▶ **EXERCISE GOAL**: The answer must consist only of the lines from the line with "Zetmeelaardappelen laden voor" to the line with "- малюнки підписані", both included, exactly as they stand below.
-------- DATA TO PROCESS --------
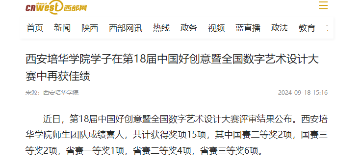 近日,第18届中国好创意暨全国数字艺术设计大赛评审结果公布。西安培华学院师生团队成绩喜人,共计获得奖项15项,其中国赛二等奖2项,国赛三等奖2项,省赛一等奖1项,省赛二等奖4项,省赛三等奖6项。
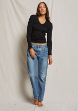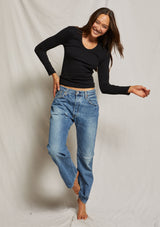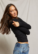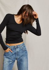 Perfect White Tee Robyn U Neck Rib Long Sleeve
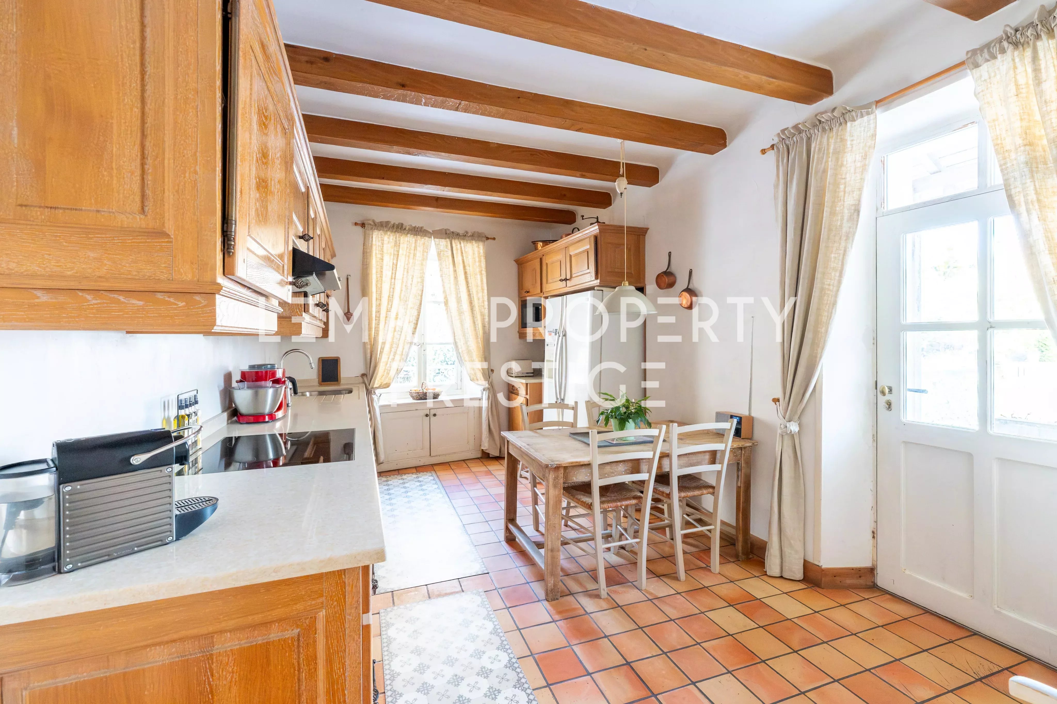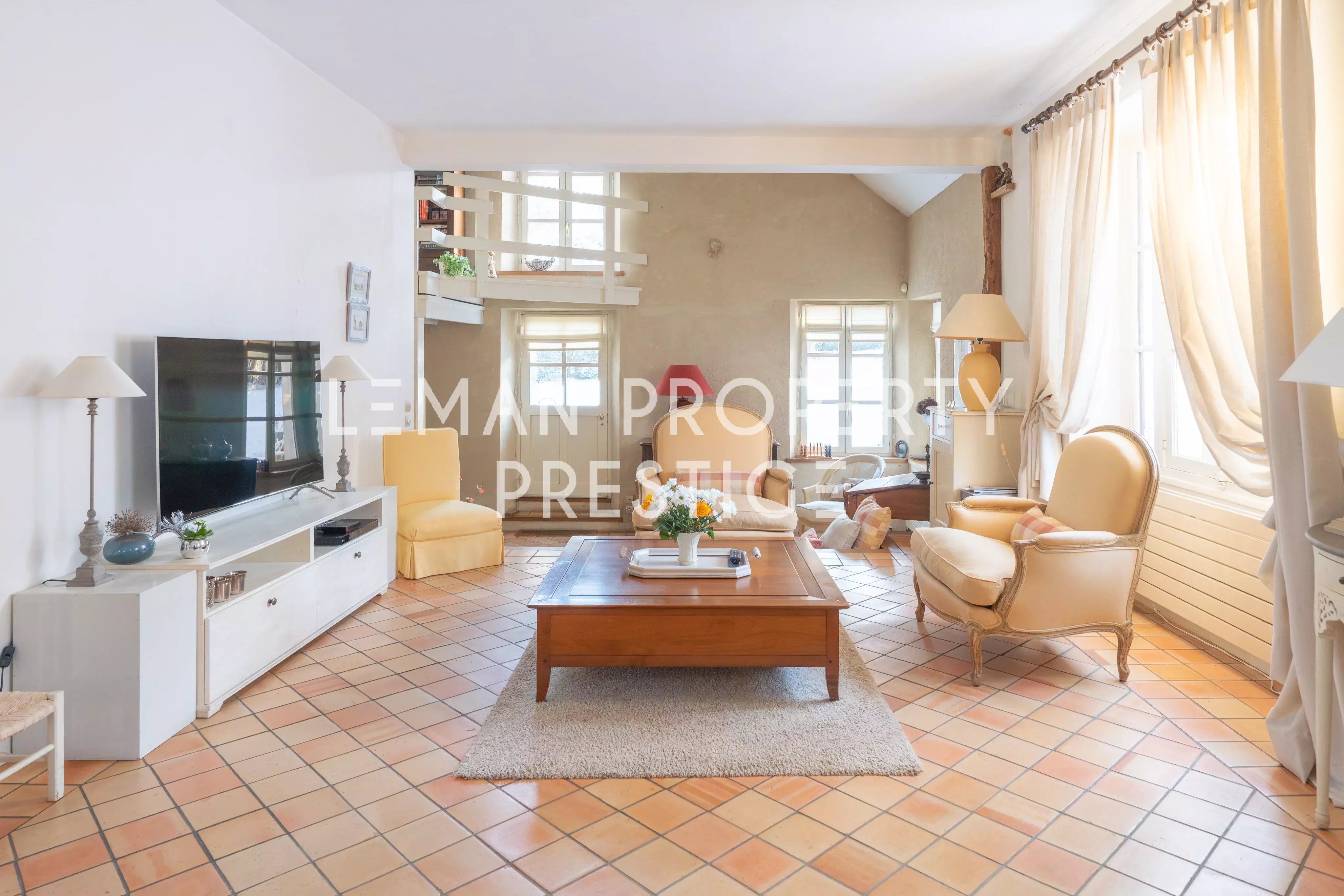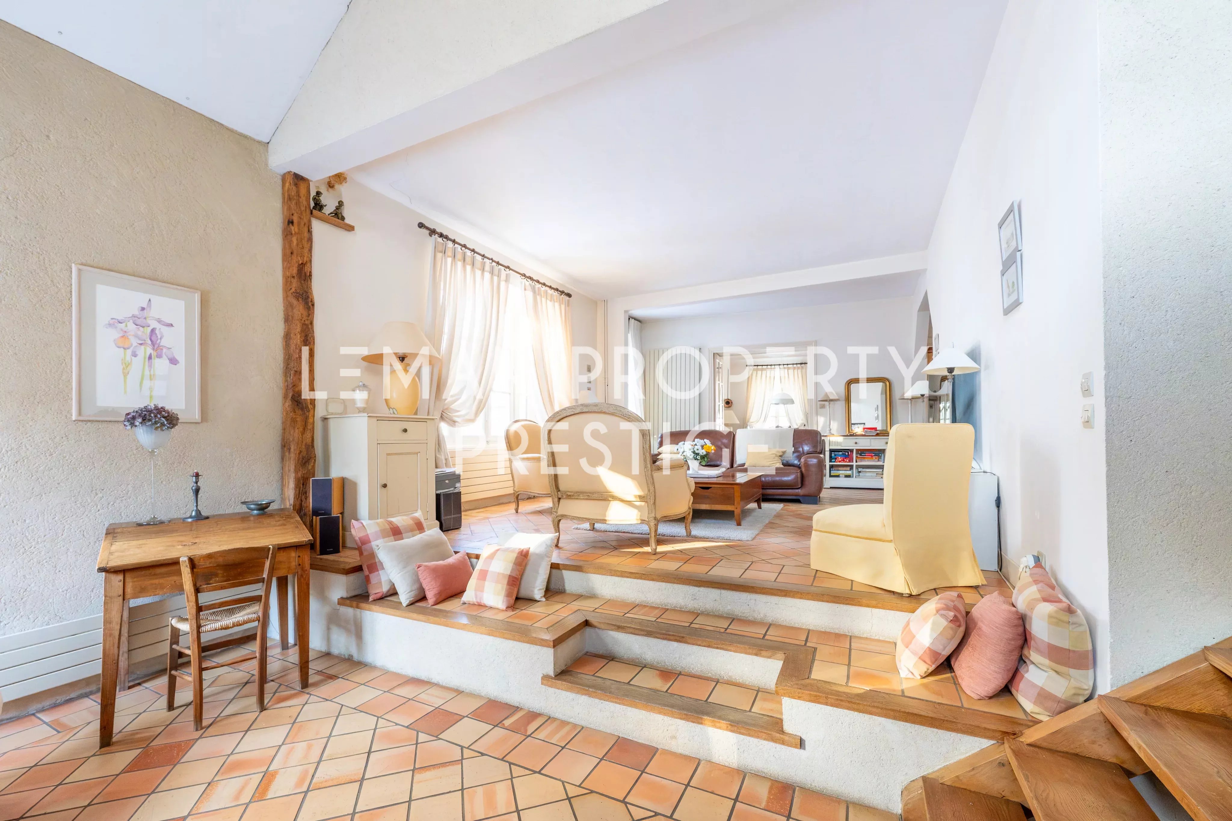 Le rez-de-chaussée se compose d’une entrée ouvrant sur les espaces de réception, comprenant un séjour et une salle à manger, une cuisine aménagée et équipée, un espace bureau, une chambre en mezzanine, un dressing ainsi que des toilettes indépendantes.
--------
-------- DATA TO PROCESS --------
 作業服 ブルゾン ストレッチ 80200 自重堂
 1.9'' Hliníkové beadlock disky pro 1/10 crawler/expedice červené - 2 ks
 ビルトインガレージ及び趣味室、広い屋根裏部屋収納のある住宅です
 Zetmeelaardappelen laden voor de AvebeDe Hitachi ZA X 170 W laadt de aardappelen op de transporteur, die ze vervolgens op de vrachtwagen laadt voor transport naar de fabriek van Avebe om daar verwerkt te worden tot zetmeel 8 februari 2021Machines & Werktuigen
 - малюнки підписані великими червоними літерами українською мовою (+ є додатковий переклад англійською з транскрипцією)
--------
▶ **TASK SOLUTION**:
 Zetmeelaardappelen laden voor de AvebeDe Hitachi ZA X 170 W laadt de aardappelen op de transporteur, die ze vervolgens op de vrachtwagen laadt voor transport naar de fabriek van Avebe om daar verwerkt te worden tot zetmeel 8 februari 2021Machines & Werktuigen
 - малюнки підписані великими червоними літерами українською мовою (+ є додатковий переклад англійською з транскрипцією)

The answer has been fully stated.